Several bills are on Colorado Democrats’ agenda to fix what tenants call an imbalance of power, while landlords say too much, too fast could worsen housing crisis
Jennifer Brown and Jesse Paul | Colorado Sun
New housing on West Kentucky Avenue at the intersection of South Utica Street sits adjacent to a mobile home and trailer park in the Westwood neighborhood of Denver, CO. January, 17, 2019. (Jeremy Sparig, Special to The Colorado Sun)
First it was the bed bugs that infested the couch and the roaches scuttling through the kitchen. But the worst was the day the boiler room exploded, sending residents of Kelsey Danna’s apartment complex screaming and running as a gas man shouted at them to get to safety.
The Englewood complex didn’t have heat for two weeks, and the hot water didn’t return for even longer.
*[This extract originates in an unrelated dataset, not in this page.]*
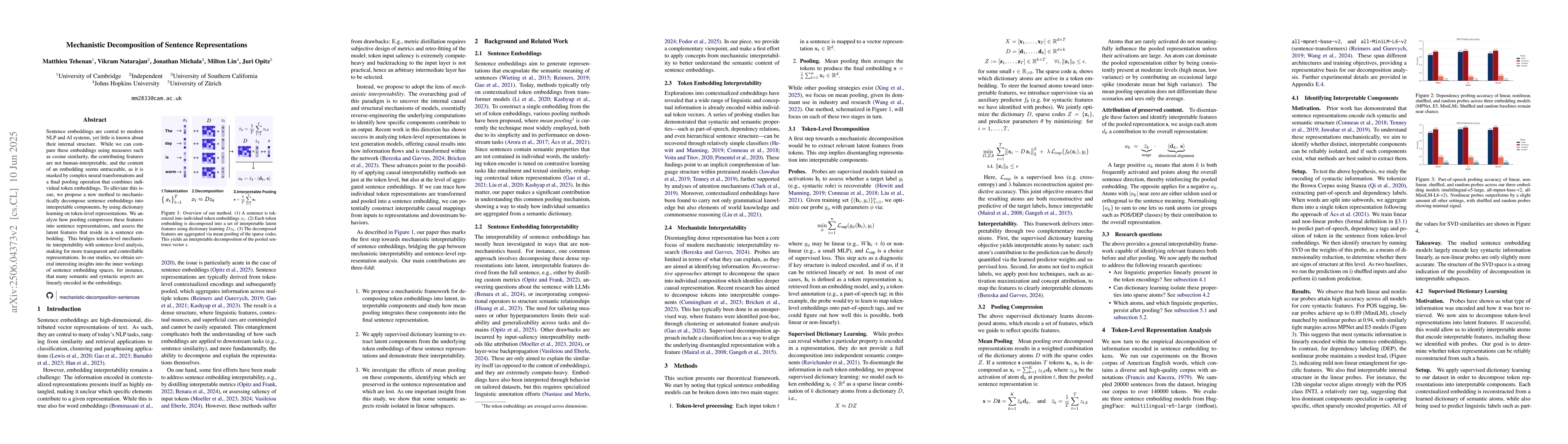 This work bridges token-level mechanistic interpretability with sentence-level analysis, offering new insights into the internal structure of sentence embeddings.

When the tenants banded together and refused to pay rent that month last fall, they were slapped with eviction notices.
“I was terrified to go back in the house,” said Danna, who was eight months pregnant and had just returned from a walk with her husband when the explosion happened. “I was scared it was going to explode while we were sleeping.”
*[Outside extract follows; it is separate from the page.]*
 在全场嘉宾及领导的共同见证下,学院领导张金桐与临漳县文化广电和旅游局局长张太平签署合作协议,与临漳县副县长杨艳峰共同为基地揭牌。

Horror stories like Danna’s and dozens more from tenants throughout Colorado are propelling a host of changes in state law, which advocates say now is lopsided in favor of landlords. They say evictions are reaching “crisis levels,” with more than 10,000 last year in Littleton and Arapahoe County and about 7,000 in Denver, according to judicial system data. Property owners, though, warn that the proposals are too much at once and could have the opposite effect than intended: fewer rentals and higher prices.